Сообщество «Круг чтения» 12:50 20 декабря 2018

Зигзаги русского праведничества

читая  Лескова, словно  плывешь  по  реке  с  многочисленными, увлекающими  вглубь  водоворотами, глубина  которых  задается  или  определяется  не  столько  какими-то  особенными  поворотами  сюжета, сколько, главным  образом, неожиданными  закоулками  причудливого  русского  характера

История русской литературы и русской общественной мысли непредставима без Николая Лескова - своеобразнейшего, как никто другой владевшего всеми оттенками родной речи писателя, неподражаемого стилиста и парадоксального, сродни собственным героям, человека.

Однако мы будем говорить не о тонкостях его стиля, не о прихотливых изгибах его писательской и человеческой судьбы, и даже очень мало о его книгах, но ограничимся всего лишь одним аспектом. Мы поговорим о лесковских праведниках и попробуем рассмотреть это понятие в том смысле, в каковом понимал его сам писатель.

Понимание это напрямую связано как с непостижимостью русского характера на внешнем уровне, так и с его глубиной, в которую Лесков постоянно погружался.

Это погружение, которое порождало глубочайшие лесковские прозрения, может объяснить, вместе с тем, величайшие их смущения для читателя, который может хотя бы в какой-то мере понять, например, личность Несмертельного Голована, едва ли не всю сознательную жизнь чисто живущего в одном доме с женщиной, которую он любит, да при этом еще из жалости к ней укрывающего и сужающего деньгами тайно живущего в одном с ними городе ее дезертира-мужа; или историю некрещеного малоросса, воспитанного баптистом и ставшего любимым народом, не в пример корыстолюбивым его собратьям, настоятелем православного храма. Но вот история Павлина из одноименной повести, объявившего себя погибшим для того, чтобы помочь своей молодой жене обвенчаться с соблазнившем ее молодым бездельником, да к тому же государственном преступником – уж этот сюжетец наверняка способен повергнуть простодушно настроенного и рутинно мыслящего православного в немалое недоумение, если не повергнуть в оторопь.

Вообще, читая Лескова, словно плывешь по реке с многочисленными, увлекающими вглубь водоворотами, глубина которых задается или определяется не столько какими-то особенными поворотами сюжета, сколько, главным образом, неожиданными закоулками причудливого русского характера.

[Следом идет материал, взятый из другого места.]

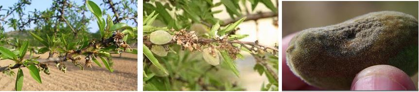 Συμπτώματα μονίλιας σε βλαστούς και καρπό αμυγδαλιάς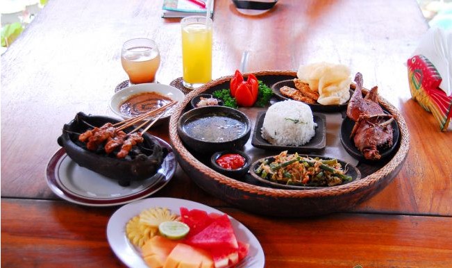 稻米是巴厘島人的主食,但與中國(guó)的做法不同,巴厘島人一般把米飯放在椰子殼中蒸熟,有一股淡淡的清香味,很是可口。說(shuō)道巴厘島的美食,就不得不提當(dāng)?shù)靥赜械目绝啠˙ebek Betutu)、烤乳豬(Babi Guling)以及那多式多樣的水果拼盤(pán)。而巴厘島餐飲的集中地最出名的就屬“庫(kù)塔海灘”,各種檔次、各種風(fēng)味的餐廳隨處可見(jiàn)。

Именно по причине глубочайшего знания всех его закоулков, опыт праведников Лескова и привлекателен, и достоин примера – хотя и не всегда. Ведь дело том, что в русской православной жизни даже внутри церкви как общественного института, в котором столь много не устраивало Лескова, есть звание гораздо выше, которого Лесков не брал в расчет. Звание это – звание святого, явным образом прошедшее мимо внимания писателя.

Лескова, похоже, не слишком занимали внутренние изменения человека на его пути к Богу (он их и не изображает в своих произведениях, а если и изображает, то крайне редко) – его больше интересует так сказать стабильная ( и врожденная, между прочим) праведность, выражающаяся не только в служении ближним, но и в обстоятельствах общественных – в государственной, например, службе, что видно на примере героя повести «Однодум» – эксцентричного, но и цельного, сродни ветхозаветным праведникам, городничего. Превращение же грешного человека через покаяние в святого остается вне сознания Лескова. Вообще даже и сам термин святость, кажется ни разу не фигурирует в его произведениях.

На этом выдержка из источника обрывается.